REPUBLIKA.CO.ID, JAKARTA -- I Gusti Ketut Ariawan, saksi ahli pidana yang dihadirkan oleh tim penasihat hukum terdakwa Basuki Tjahaja Purnama (Ahok), menilai dakwaan kasus penodaan agama prematur dan tidak dapat diterima.
Dosen hukum pidana dari Universitas Udayana itu menjelaskan, hal itu karena dua pasal yang didakwakan kepada Ahok menurut Gusti sangat tidak tepat karena tidak mengenai substansi kasus penodaan agama.
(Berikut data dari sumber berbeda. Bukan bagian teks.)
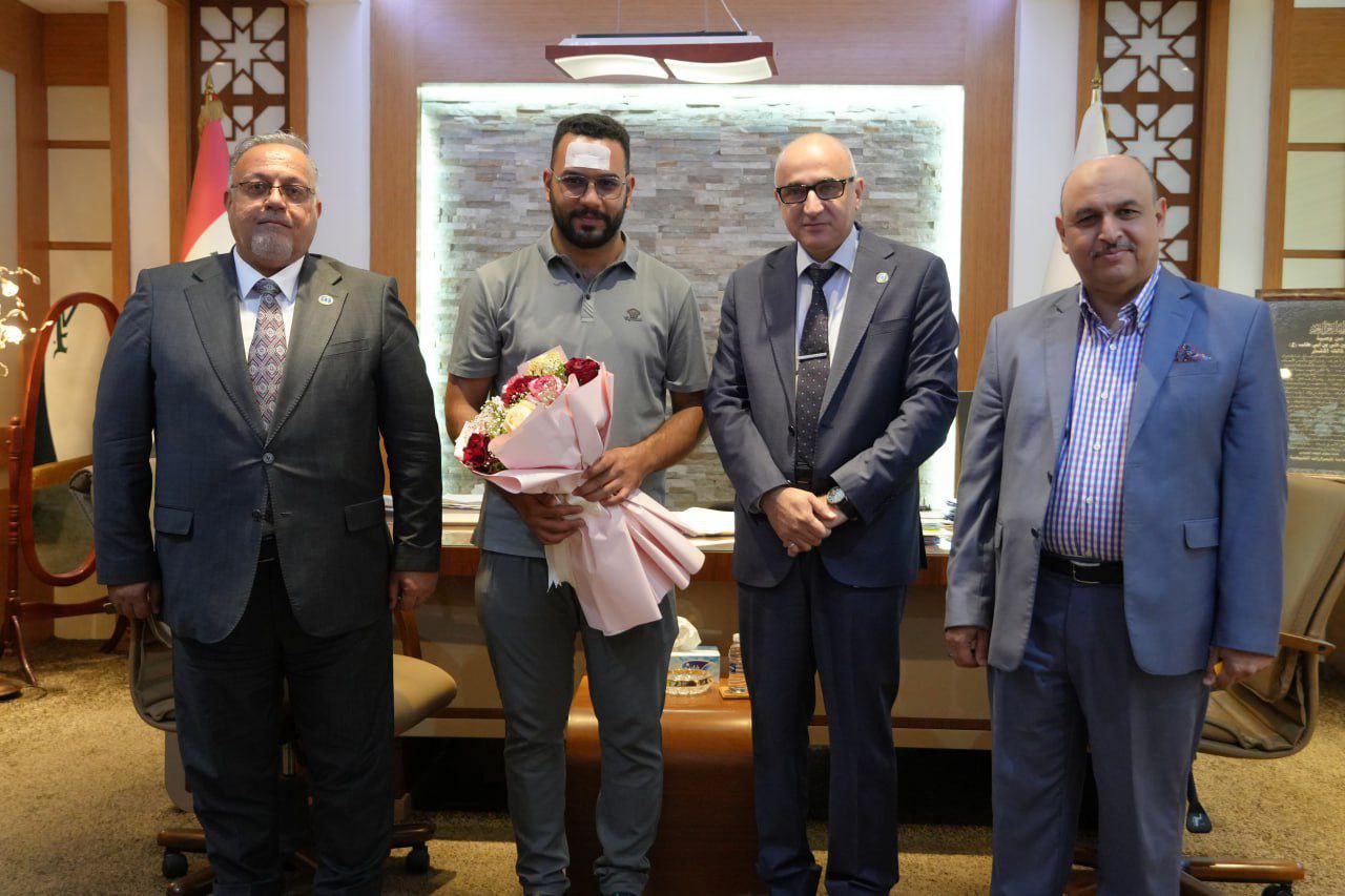The President of Baghdad University, Professor Dr. Bahaa Ibraheem Ansaf, accompanied by his scientific and administrative deputies, received student Mortada Jabbar Jari from the Mechatronics Engineering Department at Al-Khwarizmi College of Engineering to check on his health after he was involved in an accident on one of the university campus buses.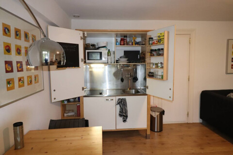 De volledig ingerichte keuken met 2 pits ceramische kookplaat, afwasbak met fontein, afzuiging en magnetron bevindt zich in de woonkamer en is ingebracht in een uitklapbare kast.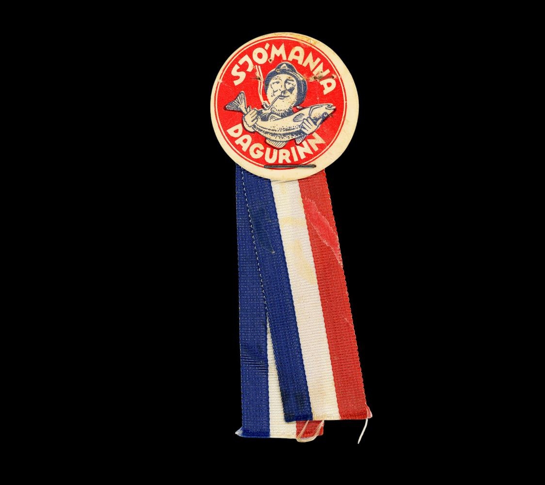 1 stk. af Sjómannadagsmerkinu og borði í íslensku fánalitunum er heft við.

"Ada dua pasal alternatif yang dikenakan. Pertama pasal 156 jelas-jelas kasus penodaan hanya ditujukan bagi golongan dan bukan soal agama," ujarnya dalam sidang lanjutan ke-16 yang digelar di Kementerian Pertanian, Jalan Harsono, Ragunan, Jakarta Selatan, Rabu (29/3) sebagai saksi ahli pidana.
Kemudian, sambung Gusti, untuk dakwaan pasal alternatif yakni pasal 156a KUHP pun menurutnya tak bisa mengenai substansi. Karena, bila ditarik sisi historisnya, pasal 156a KUHP digunakan untuk menghindari perpecahan.
"Pasal itu untuk menghindari hadirnya kepercayaan-kepercayaan baru di Indonesia pada masa itu (dikeluarkan pasal 156a). Jadi dakwaannya tidak jelas dan tak dapat diterima," katanya.
Selain itu, seharusnya ada tindakan preventif yang dilakukan pemerintah, sebelum menetapkan Ahok sebagai terdakwa. "Harusnya Ahok bisa dikenakan Undang Undang 1nomor 1 PNPS tahun 1995," ucapnya.
Gusti menjelaskan, di dalam UU tersebut diamanatkan bahwa pejabat publik hendaknya mendapat teguran terlebih dahulu ketika tersandung masalah tindak pidana. "Harusnya diselesaikan dengan ketentuan prosedur yang ada. Tapi ini tidak, langsung pakai hukum," jelasnya.